__Your objective__.
Among the lines below, a stretch begins at the one with "Ansonsten ist es" and ends at the one with "Solo il 12%". Repeat that stretch exactly, ends included.

__Records for the task__.
##########

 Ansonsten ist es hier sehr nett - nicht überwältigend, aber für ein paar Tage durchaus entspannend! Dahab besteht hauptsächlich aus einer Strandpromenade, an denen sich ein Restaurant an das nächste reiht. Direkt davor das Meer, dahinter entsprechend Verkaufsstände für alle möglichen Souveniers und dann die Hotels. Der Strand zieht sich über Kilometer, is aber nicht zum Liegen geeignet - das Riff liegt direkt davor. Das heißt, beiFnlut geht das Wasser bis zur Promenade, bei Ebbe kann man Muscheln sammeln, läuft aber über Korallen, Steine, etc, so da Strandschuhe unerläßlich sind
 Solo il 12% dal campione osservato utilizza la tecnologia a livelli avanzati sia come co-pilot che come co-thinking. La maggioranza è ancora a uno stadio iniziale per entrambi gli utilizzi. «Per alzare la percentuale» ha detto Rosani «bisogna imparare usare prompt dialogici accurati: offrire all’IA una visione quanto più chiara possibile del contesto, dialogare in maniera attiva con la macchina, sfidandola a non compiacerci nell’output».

##########

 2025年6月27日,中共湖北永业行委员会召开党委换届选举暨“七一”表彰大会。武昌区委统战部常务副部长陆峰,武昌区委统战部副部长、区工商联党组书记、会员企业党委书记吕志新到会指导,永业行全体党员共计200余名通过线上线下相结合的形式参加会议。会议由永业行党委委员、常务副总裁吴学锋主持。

##########

__Reply to the exercise__.
 Ansonsten ist es hier sehr nett - nicht überwältigend, aber für ein paar Tage durchaus entspannend! Dahab besteht hauptsächlich aus einer Strandpromenade, an denen sich ein Restaurant an das nächste reiht. Direkt davor das Meer, dahinter entsprechend Verkaufsstände für alle möglichen Souveniers und dann die Hotels. Der Strand zieht sich über Kilometer, is aber nicht zum Liegen geeignet - das Riff liegt direkt davor. Das heißt, beiFnlut geht das Wasser bis zur Promenade, bei Ebbe kann man Muscheln sammeln, läuft aber über Korallen, Steine, etc, so da Strandschuhe unerläßlich sind
 Solo il 12% dal campione osservato utilizza la tecnologia a livelli avanzati sia come co-pilot che come co-thinking. La maggioranza è ancora a uno stadio iniziale per entrambi gli utilizzi. «Per alzare la percentuale» ha detto Rosani «bisogna imparare usare prompt dialogici accurati: offrire all’IA una visione quanto più chiara possibile del contesto, dialogare in maniera attiva con la macchina, sfidandola a non compiacerci nell’output».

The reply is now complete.